À nouveau, il revient une bribe de souvenir à Mia Hardy : Phil et Blake discutant de l'abandon par l'équipe d'Hari Hardy, de la recherche spatiale au profit de la recherche sous-marine. Mia se tourne vers Bob et lui demande s'il a une idée du motif pour lequel Hari Hardy a été assassiné. Bob lui raconte comment il en est venu à travailler pour Hari Hardy, quelle a été sa véritable motivation, comment Hari l'a accueilli comme collaborateur, et quelles missions il exécutait pour Hari. Le sous-marin atteint enfin la station intermédiaire et Bob y pénètre le premier, l'arme au poing. Il essaye de détecter si Aaron s'y trouve ou non. Il n'en trouve pas trace : si Aaron est parvenu jusqu'ici, il a dû en repartir. Les autres membres de l'équipe pénètrent à leur tour dans la station intermédiaire. Au bout de quelques temps, la température commence à y augmenter, et l'air à se raréfier. Mia Hardy va se dégourdir les jambes dans une conduite de maintenance. Elle y retrouve Q. Lui aussi lui raconte comment il en est venu à travailler pour son père Hari Hardy.

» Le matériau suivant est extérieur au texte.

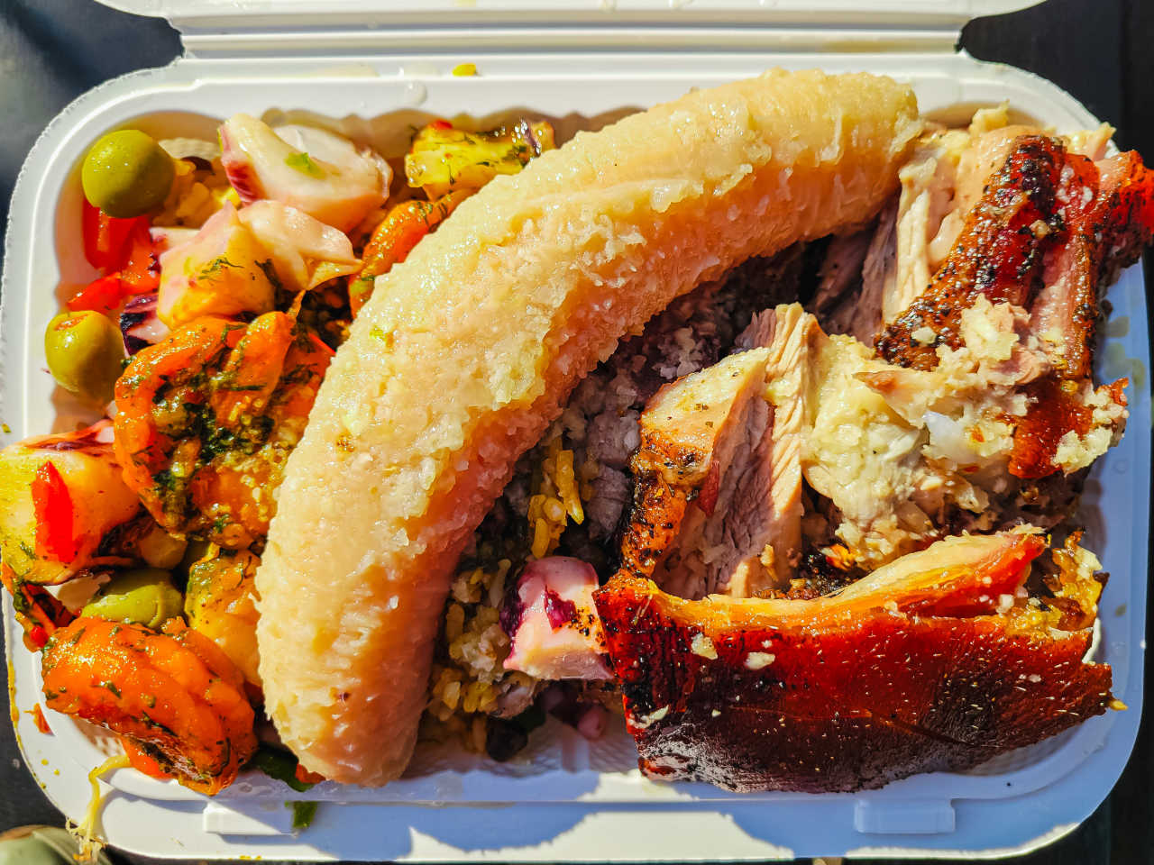 "Though technically closer to the 2/5 trains, this trailer (currently a tent) isn’t much of a walk from the 6 either. It’s the only weekend destination on this guide, but the one-man lechón-carving operation is the best show in the South Bronx, even if you have toget in lineto see it. When you arrive at the front, stand back as Angel Jimenez uses his machete to hack off a piece of pork. Then lean in as he hands it to you, like a sacrament, while simultaneously engaging you in chaotic but enthusiastic conversation. Savor the mouthful of crystal-like skin, melted fat, and salty meat before receiving a blessing in the form of a plastic container full of meat, rice, and whatever else Jimenez has left in his pots." - Sonal Shah

Le tome 1 commençait avec le mystère de l'assassinat d'Hari Hardy : quel était le motif ? Plus pressant encore, qui est le coupable ? Matt Kindt a présenté son récit comme étant l'enquête de Mia Hardy pour élucider ce crime et identifier le coupable. C'est ce qu'attend le lecteur depuis le premier tome. Le scénariste tient sa promesse implicite : le coupable est bien désigné, ainsi que sa motivation, et la façon de commettre le meurtre. Pour autant, la structure du récit et la narration donnent l'impression au lecteur que cette résolution est presque secondaire. Elles ne mettent pas particulièrement en avant la perspicacité ou les capacités de déduction de Mia Hardy, ni le machiavélisme du criminel. C'est comme si l'essentiel du récit se trouve ailleurs. En effet, les 3 tomes précédents ont donné l’impression que Mia Hardy n'a pas progressé d'un iota, qu'elle se laisse porter par les événements, à chaque fois emmenée dans une autre direction. Ce tome-ci ne déroge pas à cette impression puisqu'environ un tiers est consacré à l'histoire personnelle des membres de l'équipe d'Hari Hardy, histoire déjà racontée par Roger dans le tome 2. Mais à quoi joue le scénariste ? Le lecteur se retrouve un peu comme les personnages : enfermé avec eux dans le sous-marin, pas bien sûr qu'ils pourront regagner la surface, avec pas grand-chose d'autre à faire que d'écouter Bob parler et raconter son histoire. Sa version de son engagement vis-à-vis d'Hari Hardy diffère un peu de celle qu'en a donné Roger : elle n'est pas contradictoire, elle ne contient pas des révélations tonitruantes qui font reconsidérer le sens de ce qu'a raconté Roger, mais elle comporte des éléments supplémentaires qui modifie significativement le point de vue.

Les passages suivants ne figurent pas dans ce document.